Design/methodology/approach
The authors employ a firm level data from the Türkiye's both first and second top 500 industrial enterprises from 1993 to 2019. In addition, the authors calculate country-sector level both backward and forward GVC participation indices with their simple and complex sub-indices for each year from 1990 to 2015 from the Full Eora data of the Eora Global Supply Chain Database. The authors estimate the model with OLS and fixed effects. To understand the role of the 2008 global crisis, the authors also undertake estimations for the pre-crisis and post-crisis. The authors also divide the data by R&D intensity of sectors.
Findings
While backward GVC participation lowers both labor productivity and profitability growth, forward GVC participation promotes both.
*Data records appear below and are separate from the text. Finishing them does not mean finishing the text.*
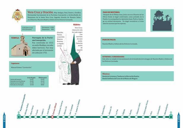 A las 19.05 horas, de la Parroquia de la Purísima Concepción saldrá la Muy Antigua, Real, Ilustre y Seráfica Hermandad Sacramental de la Purísima Concepción y Archicofradía de Nazarenos de la Santa Vera+Cruz, Sagrada Oración de Nuestro Señor en el Huerto y Nuestra Madre y Señora de los Dolores Coronada. Los acompañantes de la Oración vestirán túnica y morrión blancos, mientras que un tramo de nazarenos vestirá el antiguo hábito de la Vera+Cruz, con túnica negra y morrión verde.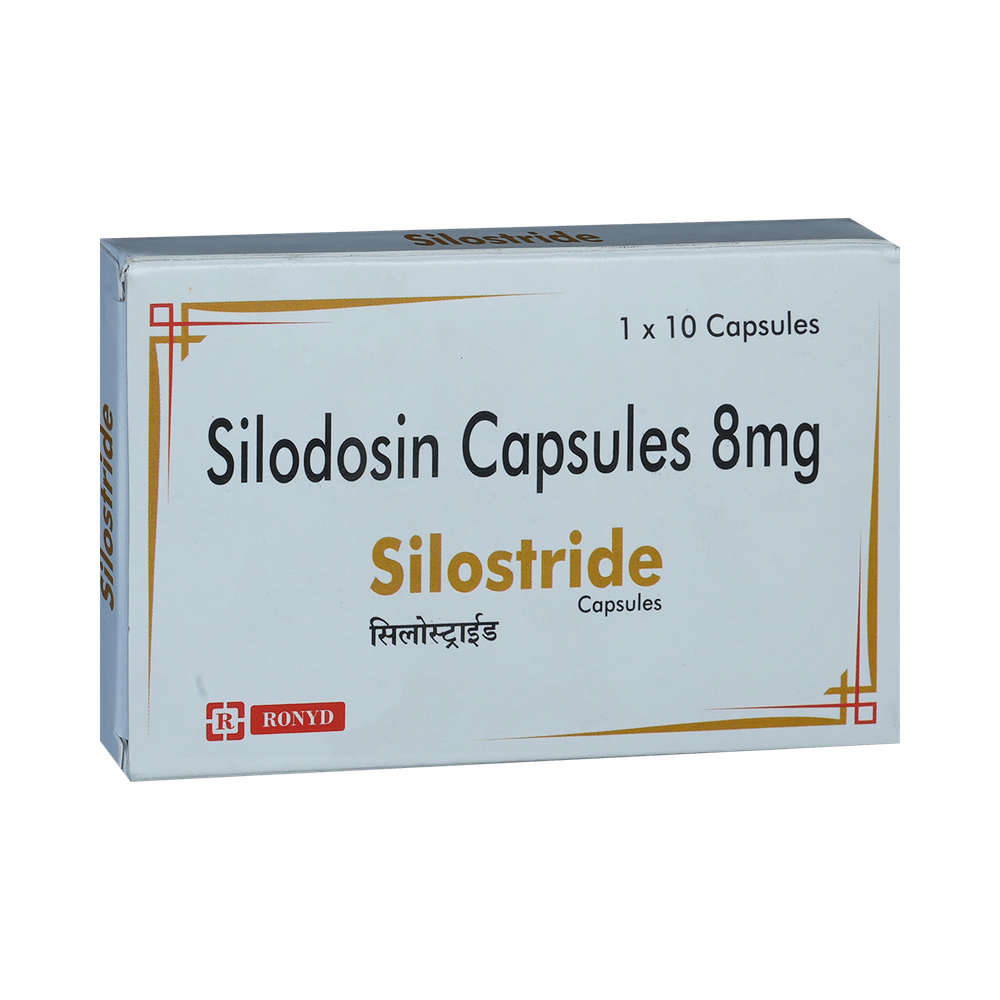 Silostride Capsule is an alpha-adrenergic antagonist that is used in the treatment of benign prostatic hyperplasia. It helps to relieve symptoms like difficulty in passing urine. However, it does not decrease the size of the prostate. Silostride Capsule is advised to take it in a dose and duration as per prescription. It should be taken with food, but take at the same time regularly. Swallow the medicine as a whole without crushing or chewing it. You should not stop taking the medicine without consulting the doctor as it may lead to the worsening of your symptoms. The course of the treatment should be completed for better efficacy of the medicine.Some common side effects of this medicine are retrograde ejaculation, dizziness, diarrhea, orthostatic hypotension, headache, nasopharyngitis, and nasal congestion. If any of the side effects persist or bother you, you must consult the doctor without delay.Simple lifestyle changes can help you manage your symptoms better. Try to urinate as soon as you feel the urge, however, never strain or push to empty your bladder. You should avoid drinking caffeinated or alcoholic drinks at night and a few hours before going to bed or going out.Before receiving the treatment, inform your doctor if you are on any medication for any other health condition. If you have to undergo eye surgery due to cataracts or glaucoma then inform your eye doctor about the usage of this medicine. Patients with liver or kidney disease must be cautious while receiving the prescription, and they must receive regular follow-ups as per the doctor’s advice.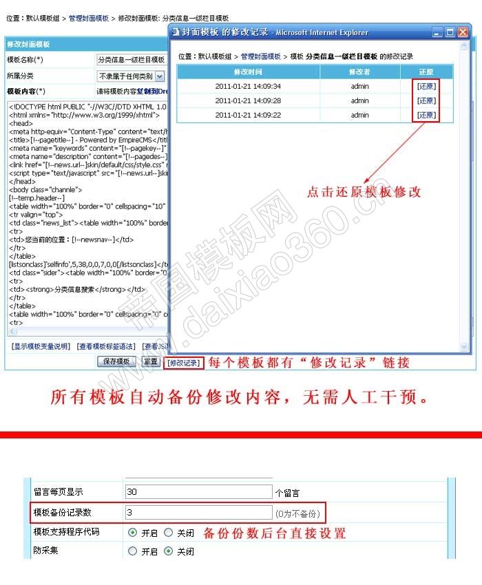 帝國cms6.6版本新增模板自動備份功能,可隨時還原備份 ... [更多詳細]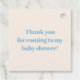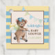 Ces étiquettes de cadeaux de baby shower super mignonnes ont un motif rayé en jaune et bleu avec une boîte de texte de couleur beige et marron sur le devant. Sur le devant gauche, il y a un ours en peluche marron qui fait du scooter, portant une casquette bleue tournée vers l'arrière. Trois ballons sont attachés au guidon du scooter et sont jaune, vert et bleu. Il y a également des fanions de coin dans le coin supérieur droit en bleu, jaune et vert. Le texte personnalisable indique "Baby Shower d'Ashleigh !" en lettres bleues et marron avec la date également imprimée en vert en bas. Le verso est de couleur beige avec des lettres bleues qui disent "Merci d'être venu à mon baby shower !". Si vous avez besoin d'aide ou si vous souhaitez d'autres articles assortis, veuillez envoyer votre demande par courriel à niteowlstudio@gmail.com et vérifiez votre dossier de pour

Moreover, simple and complex backward participation have similarly negative effects on productivity and profitability growth, simple and complex forward participation have the completely opposite effects though. The authors then provide substantial evidence for the differing effects of participation on productivity and profitability growth between pre-crisis and post-crisis periods. Interestingly, backward participation has a negative impact for both hi-tech and low-tech firms while forward participation boosts the productivity growth only for low-tech firms, probably due to the relatively more upstream position of low-tech firms.
Originality/value
To the best of the knowledge, no previous study has yet examined the profitability effects of GVC for firms. Second, in addition to overall backward and forward GVC participation rates, the authors also calculate and utilize simple and complex GVC measures in the estimations. Third, to reveal whether the global financial crisis leads to a shift in the productivity and profitability effects of GVCs, the authors separately run the regressions for the pre- and post-crisis periods. Fourth, the authors then investigate the argument that hi-tech sectors/firms could benefit more from joining GVCs compared to firms in low-tech technology sectors.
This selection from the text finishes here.